When error happens, it just jumps to error handling code with goto command. There is no long and repeated error code. It is not only good for code reading but also code understanding.

Let us see the sequence of the error handling. The first error handling, closing the source file, is at the last. The second error handling, closing the target file, is at the second and the last error handling is at the first. What happens now? The error handling code is doing not only the error handling. It is the normal clean-up code that terminate the ffile_copy2 function.

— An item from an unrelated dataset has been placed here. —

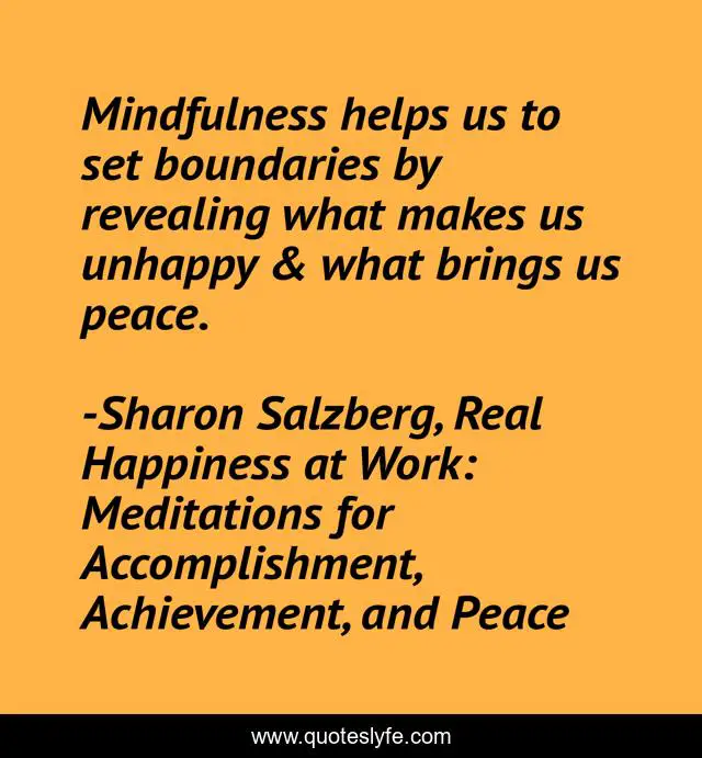 "Sharon Salzberg, Real Happiness at Work: Meditations for Accomplishment, Achievement, and Peace Quotes." Quoteslyfe.com, 2025. Sat. 06 Dec. 2025. <https://www.quoteslyfe.com/quote/Mindfulness-helps-us-to-set-boundaries-by-135360>.

We only reverse the sequence of the clean-up code and add some labels. But it can handle both of the error case and no-error case.

Please remember two:

• The error handling is sub-set of the cleaning-up.
• The order of error handling is usually the reverse of what it should do.

Exercises

• The do-while loop in file_copy2 function calls fread and fwrite. What should we do if the fread and fwrite fails? How can we return the error value of fread and fwrite?
• file_copy1 only returns -1 for all error cases. Please modify the file_copy1 to return different values for each error case. The error code should be located at the end of the function.
• Please check your code. Is there error handling code? Can you make the error handling code simple as like file_copy2?
• Can you guess why I allocate memory with calloc(sizeof(*buf)) instead of calloc(sizeof(char))? Which is better if we need to change the data type of buffer from char to short (for Unicode or UTF-16)?
• Please add a error handling code for a case if there is already the target file with the same name.